Comparação entre dois dispositivos supraglóticos de vias aéreas na dor de garganta pós‐operatória em crianças: estudo controlado prospectivo randomizado: Comparação entre dispositivos supraglóticos de vias aéreas na dor de garganta

Background and objective: Sore throat is well recognized complaint after receiving general anesthesia.
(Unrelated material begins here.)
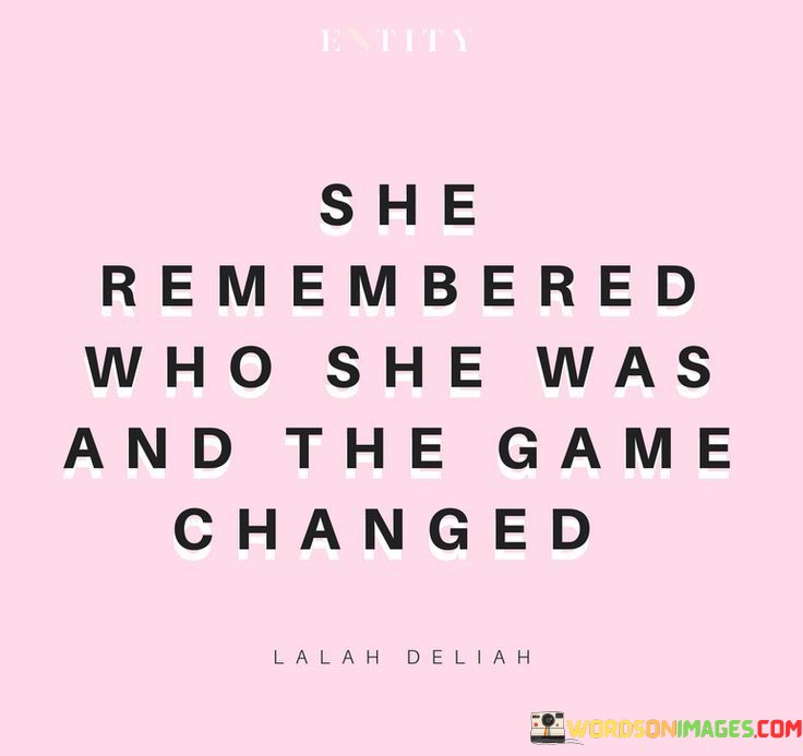This quote, "She Remembered Who She Was And The Game Changed," highlights the transformative power of self-awareness and self-identity. It suggests that when a person reconnects with their true self, it has a profound impact on their life and circumstances.

This study is conducted to compare the severity and frequency of postoperative sore throat in children undergoing elective surgery – following the use of Ambu laryngeal mask airway) or I‐gel® – who are able to self‐report postoperative sore throat. Method: Seventy children, 6 to 16 years‐old, undergoing elective surgery randomly allocated to either Ambu laryngeal mask (Ambu Group) or I‐gel® (I‐gel Group). After the procedure, patients were interviewed in the recovery room immediately, after one hour, 6 and 24 hours postoperatively by an independent observer blinded to the device used intra‐operatively. Results: On arrival in the recovery room 17.1% (n = 6) of children of the Ambu Group complained of postoperative sore throat, against 5.7% in I‐gel Group (n = 2). After one hour, the results were similar. After 6 hours, postoperative sore throat was found in 8.6% (n = 3) of the children in Ambu group vs. 2.9% (n = 1) in I‐gel Group. After 24 hours, 2.9% (n = 1) of the kids in Ambu Group compared to none in I‐gel Group. There was no significant difference found in the incidence of postoperative sore throat in both devices on arrival (p = 0.28); after 1 hour (p = 0.28); after 6 hours (p = 0.30); and after 24 hours (p = 0.31). The duration of the insertion was shorter in Ambu Group and it was easier to insert the I‐gel® (p = 0.029). Oropharyngeal seal pressure of I‐gel® was higher than that of Ambu laryngeal mask (p = 0.001). Conclusion: The severity and frequency of postoperative sore throat in children is not statistically significant in the I‐gel Group compared to Ambu Group.